Before you return the lines below, strip out any images and keep every word as written.

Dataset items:

[Start of Attachment]

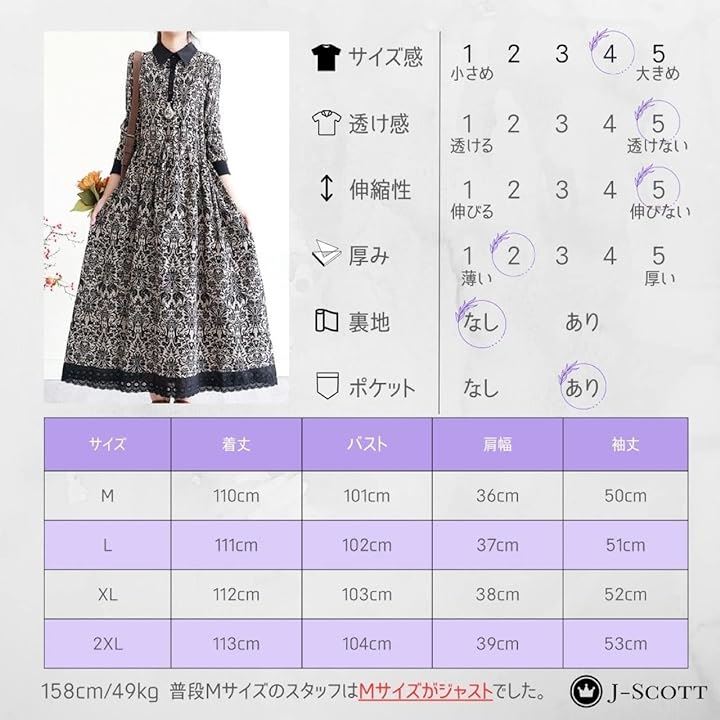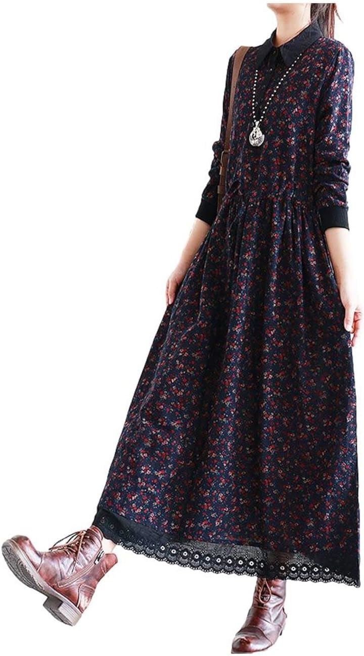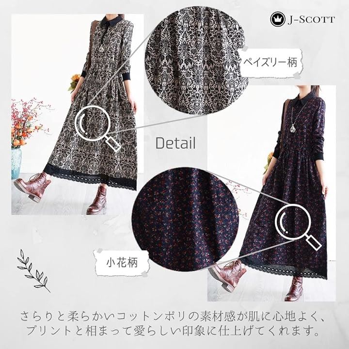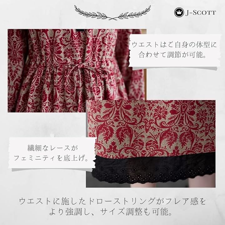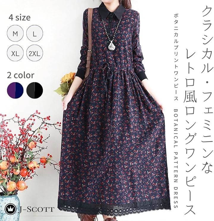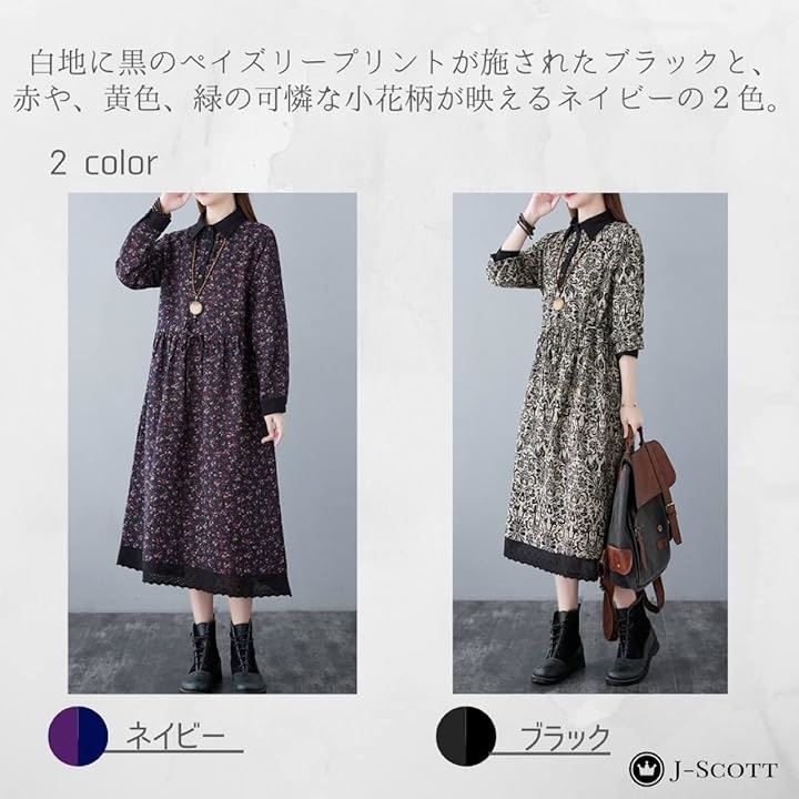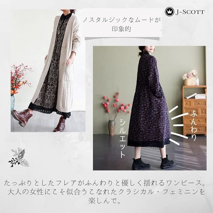 幾何学柄 花柄 レトロ風ロングワンピース シックカラー レース ウエストゴム ミモレ丈 レディース
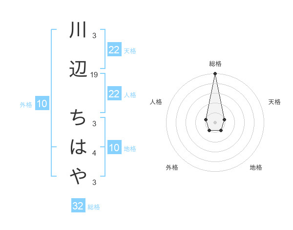 川辺 ちはやさんを姓名の画数から五運を鑑定
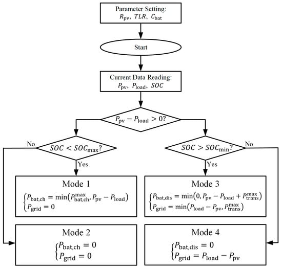 Based on the classification of modes, an appropriate operation strategy was formulated to effectively manage the energy flow within the PVB system. Figure 7 depicts the system’s operational strategy. The battery stores energy during intervals of excess PV generation and discharges power when PV output is inadequate to satisfy the building’s demand. Crucially, if exceeds , the PVB system gives precedence to procuring electricity from the power grid. Should the net load (defined as minus ) surpass , the battery supplies the additional power requirement. From an energy balance perspective, the power constraint is given by the following equation:
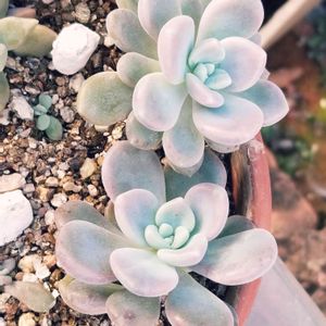 ➡️実生 ⬅️その葉挿し ずっと元気がないので葉挿しでスペア準備しなきゃ! で葉っぱとって葉挿しした まさか三ヶ月くらいでオリジナルのサイズを上回った 用土と世話も同じなのに 解せぬ!(°Д°) でもこれで絶滅危惧交配種じゃなくなった やった!
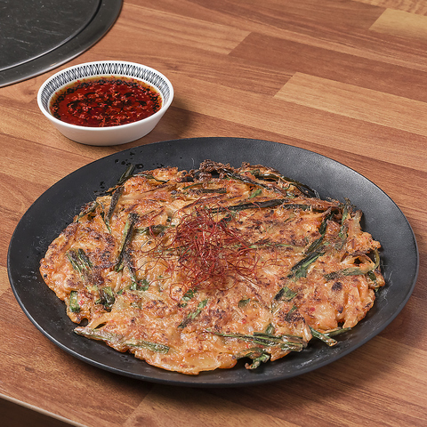 発酵したキムチの酸味と、かりっと焼き上げた生地を香ばしく召し上がっていただける人気の1枚です。チーズ追加300円
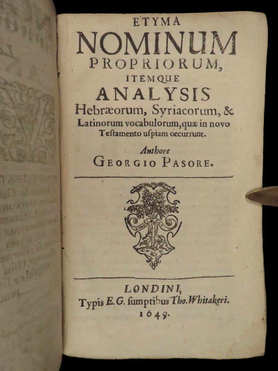 o ‘Etyma Nominum Propriorum, Itemque Analysis Hebræorum, Syriacorum, & Latinorum vocabulorum, quæ in novo Testamento uspiam occurrunt.’
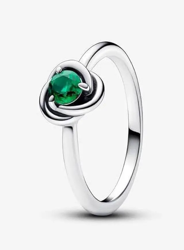 Wear a symbol of forever with the Green Eternity Circle Ring. This sterling silver ring features one claw-set sparkling royal green man-made crystal. The polished band wraps around the centre stone in an openwork braided infinity pattern. Whether you want to carry a reminder of eternal love or a symbol of the timeless joy that infuses each and every moment this colourful eternity ring will bring sparkling meaning to your look.
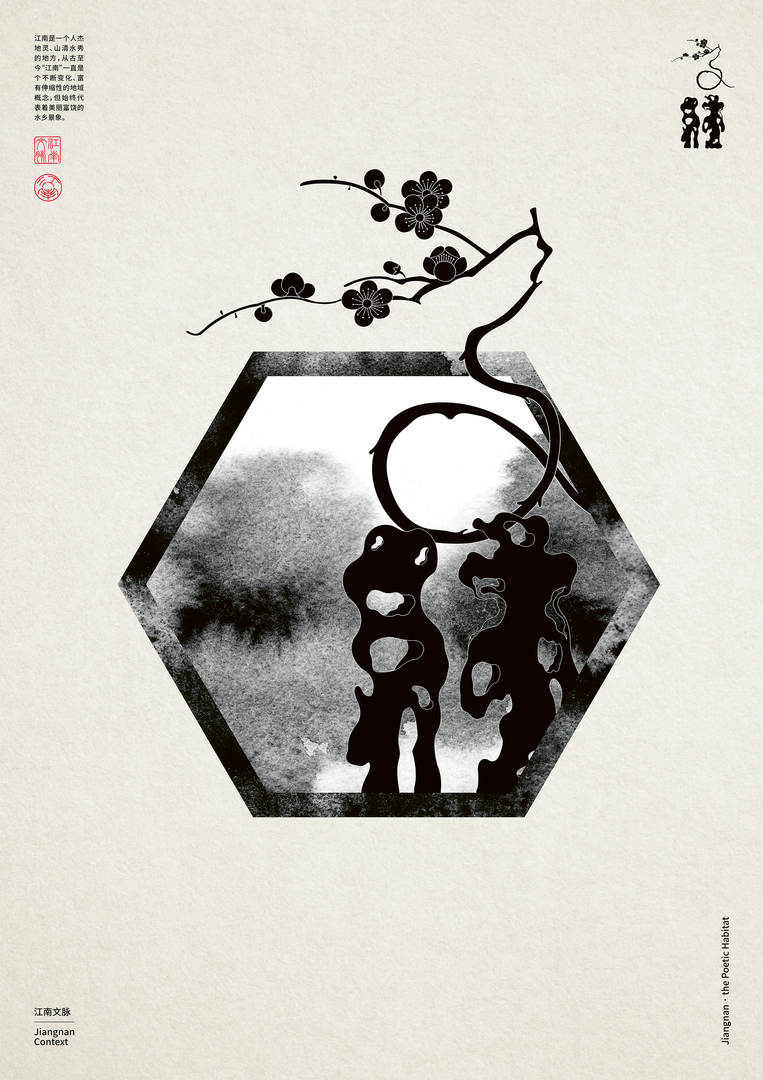 This series of posters pays homage to the beauty and diversity of the scenery in the Jiangnan region in China. The ink drawings show motifs from the Jiangnan gardens. Typical plants such as bamboo and the plum blossom as well as the formations of the well-known Taihu Lake stone make up the logo of the region, turning them into ambassadors for Jiangnan. The geometrically shaped frames around the motifs are a well-executed detail which act like a window through which the visitor can catch a glimpse of the gardens in Jiangnan.
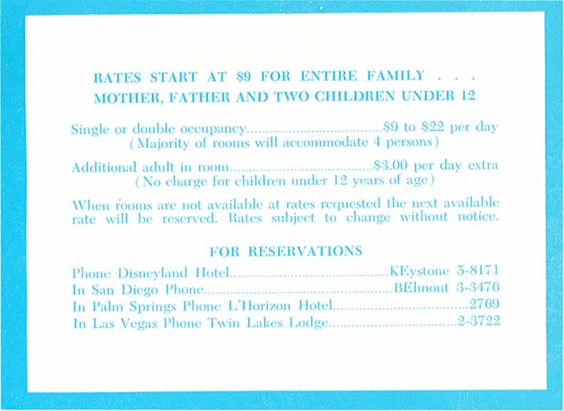 Rates from the first Disneyland Hotel brochure in 1955. This brochure was used from October 1955 until mid June 1956 when a second, similar brochure was used listing the extra rooms and amenities then opened at the Hotel.
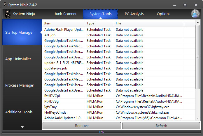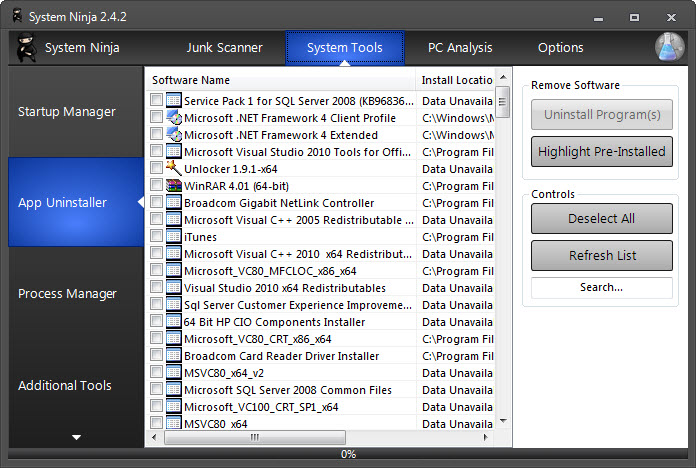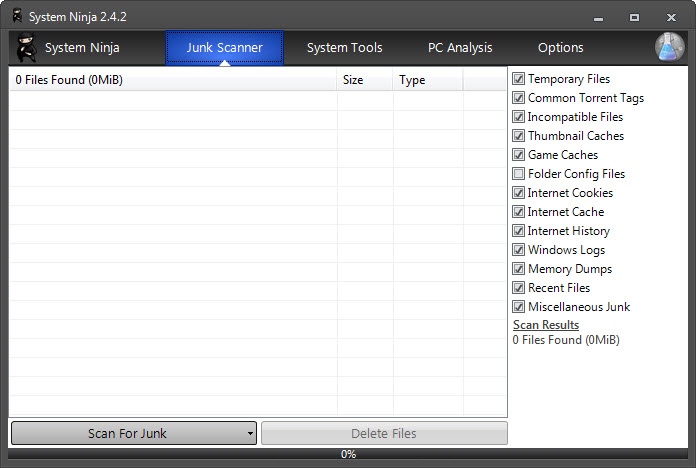 System Ninja is a very useful tool to own if you want to clean your computer of junk files and remove them in just a few simple steps.

[End of Attachment]

:: Task output ::
 幾何学柄 花柄 レトロ風ロングワンピース シックカラー レース ウエストゴム ミモレ丈 レディース
 川辺 ちはやさんを姓名の画数から五運を鑑定
 Based on the classification of modes, an appropriate operation strategy was formulated to effectively manage the energy flow within the PVB system. Figure 7 depicts the system’s operational strategy. The battery stores energy during intervals of excess PV generation and discharges power when PV output is inadequate to satisfy the building’s demand. Crucially, if exceeds , the PVB system gives precedence to procuring electricity from the power grid. Should the net load (defined as minus ) surpass , the battery supplies the additional power requirement. From an energy balance perspective, the power constraint is given by the following equation:
 ➡️実生 ⬅️その葉挿し ずっと元気がないので葉挿しでスペア準備しなきゃ! で葉っぱとって葉挿しした まさか三ヶ月くらいでオリジナルのサイズを上回った 用土と世話も同じなのに 解せぬ!(°Д°) でもこれで絶滅危惧交配種じゃなくなった やった!
 発酵したキムチの酸味と、かりっと焼き上げた生地を香ばしく召し上がっていただける人気の1枚です。チーズ追加300円
 o ‘Etyma Nominum Propriorum, Itemque Analysis Hebræorum, Syriacorum, & Latinorum vocabulorum, quæ in novo Testamento uspiam occurrunt.’
 Wear a symbol of forever with the Green Eternity Circle Ring. This sterling silver ring features one claw-set sparkling royal green man-made crystal. The polished band wraps around the centre stone in an openwork braided infinity pattern. Whether you want to carry a reminder of eternal love or a symbol of the timeless joy that infuses each and every moment this colourful eternity ring will bring sparkling meaning to your look.
 This series of posters pays homage to the beauty and diversity of the scenery in the Jiangnan region in China. The ink drawings show motifs from the Jiangnan gardens. Typical plants such as bamboo and the plum blossom as well as the formations of the well-known Taihu Lake stone make up the logo of the region, turning them into ambassadors for Jiangnan. The geometrically shaped frames around the motifs are a well-executed detail which act like a window through which the visitor can catch a glimpse of the gardens in Jiangnan.
 Rates from the first Disneyland Hotel brochure in 1955. This brochure was used from October 1955 until mid June 1956 when a second, similar brochure was used listing the extra rooms and amenities then opened at the Hotel.
 System Ninja is a very useful tool to own if you want to clean your computer of junk files and remove them in just a few simple steps.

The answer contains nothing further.